EDIT: I apologize for the type earlier, and to clarify, I am given an array of strings (eg ['y', 'b']) which I need to find in the dictionary and then keep ONLY 'y' and 'b' as well as any other keys in order to maintain the structure of the original dictionary, in this case, it would be 'z'
A better example can be found here where I need Chipset Model, VRAM, and Resolution.
In regards to the comment, the input would be the above link as the starting dictionary along with an array of ['chipset model', 'vram', 'resolution'] as the keep list. It should return this:
{'Graphics/Displays':{'NVIDIA GeForce 7300 GT':{'Chipset Model':'NVIDIA GeForce 7300 GT', 'Displays':{'Resolution':'1440 x 900 # 75 Hz'}, 'VRAM (Total)':'256 Mb'}}
Assuming that the dictionary you want to assign to an element of a super-dictionary is foo, you could just do this:
my_dictionary['keys']['to']['subdict']=foo
Regarding your edit—where you need to eliminate all keys except those on a certain list—this function should do the trick:
def drop_keys(recursive_dict,keep_list):
key_list=recursive_dict.keys()
for key in key_list:
if(type(recursive_dict[key]) is dict):
drop_keys(recursive_dict[key], keep_list)
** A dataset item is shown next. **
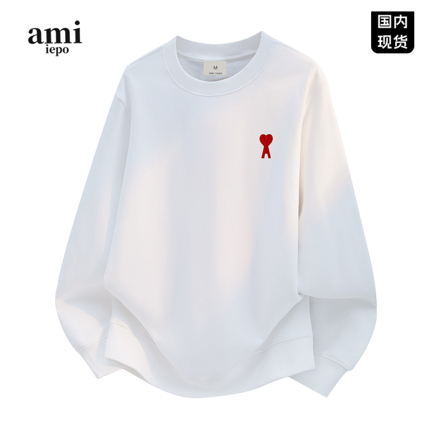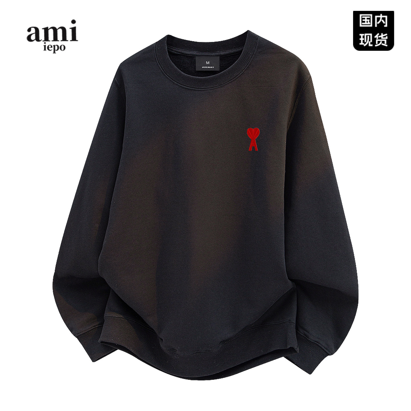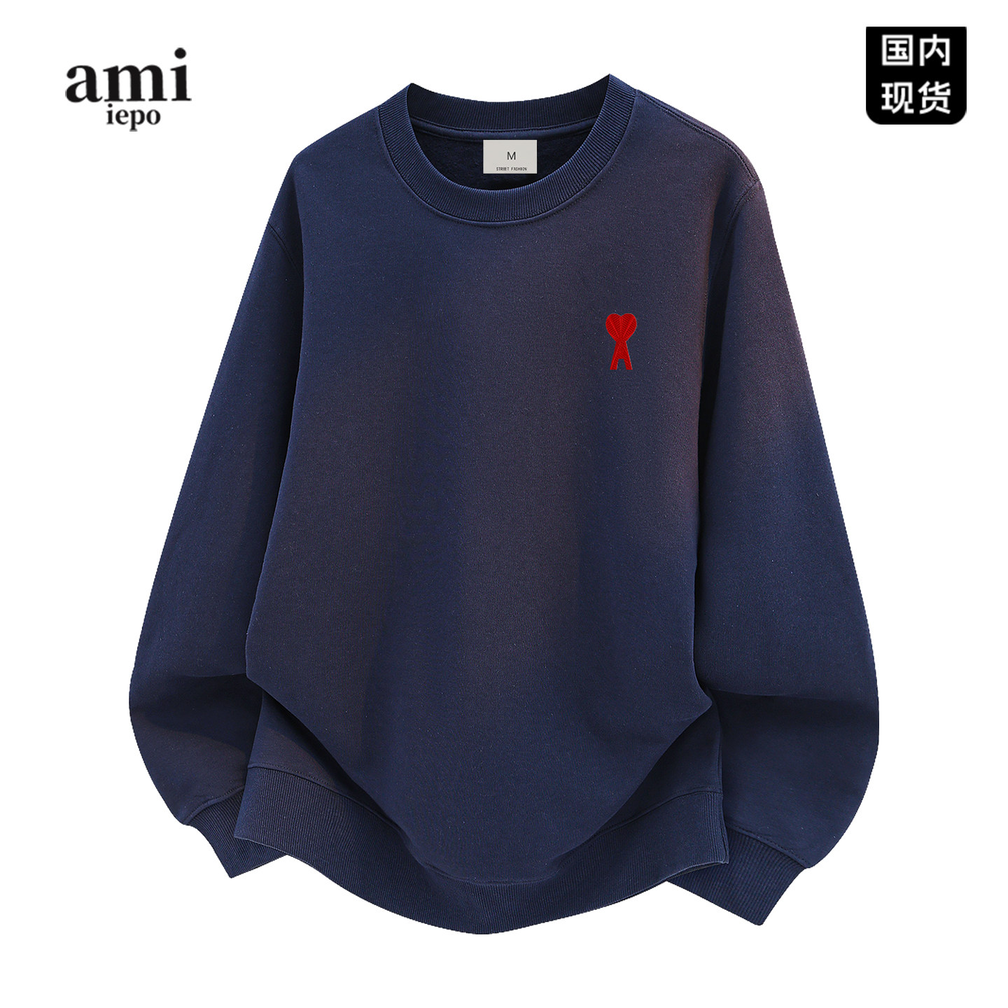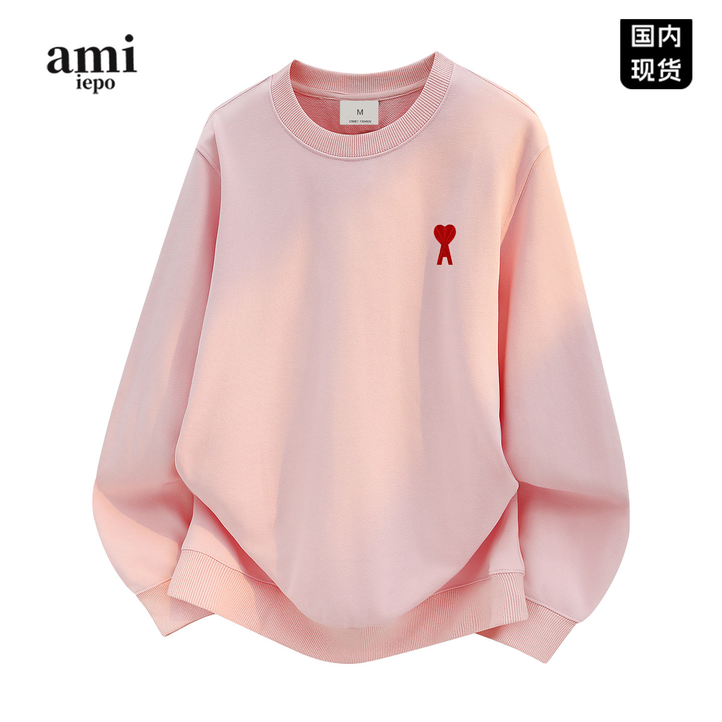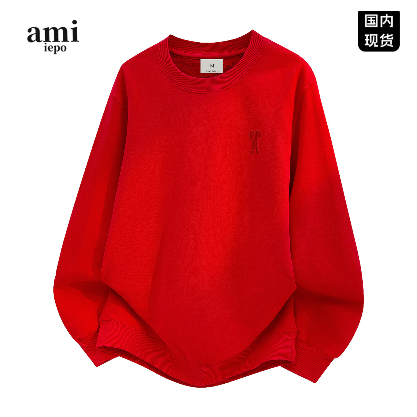 📚 Ami iepo官方红色圆领卫衣男女情侣款秋冬季美式宽松百搭套头上衣

elif(key not in keep_list):
del recursive_dict[key]
Something like this?
d = {'item': {'w': {'c': 1, 'd': 2}, 'x': 120, 'y': 240, 'z': {'a': 100, 'b': 200}}}
l = ['y', 'z']
def do_dict(d, l):
return {k: v for k, v in d['item'].items() if k in l}
Here's what I arrived at for a recursive solution, which ended up being similar to what #Dan posted:
def recursive_del(d,keep):
for k in d.copy():
if type(d[k]) == dict:
recursive_del(d[k],keep)
if len(d[k]) == 0: #all keys were deleted, clean up empty dict
del d[k]
elif k not in keep:
del d[k]
demo:
>>> keepset = {'y','b'}
>>> a = {'item':{'w':{'c':1, 'd':2}, 'x':120, 'y':240, 'z':{'a':100, 'b':200}}}
>>> recursive_del(a,keepset)
>>> a
{'item': {'z': {'b': 200}, 'y': 240}}
The only thing I think he missed is that you will need to sometimes need to clean up dicts which had all their keys deleted; i.e. without that adjustment you would end up with a vestigial 'w':{} in your example output.
Using your second example I made something like this, it's not exactly pretty but it should be easy to extend. If your tree starts to get big, you can define some sets of rules to parse the dict.
Each rule here are actually pretty much "what should I do when i'm in which state".
def rule2(key, value):
if key == 'VRAM (Total)':
return (key, value)
elif key == 'Chipset Model':
return (key, value)
def rule1(key, value):
if key == "Graphics/Displays":
if isinstance(value, dict):
return (key, recursive_checker(value, rule1))
else:
return (key, value)
else:
return (key, recursive_checker(value, rule2))
def recursive_checker(dat, rule):
def inner(item):
key = item[0]
value = item[1]
return rule(key, value)
return dict(filter(lambda x: x!= None, map(inner, dat.items())))
# Important bits
print recursive_checker(data, rule1)
In your case, as there is not many states, it isn't worth doing it but in case you have multiple cards and you don't necessarly know which key should be traversed but only know that you want certain keys from the tree. This method could be used to search the tree easily. It can be applied to many things.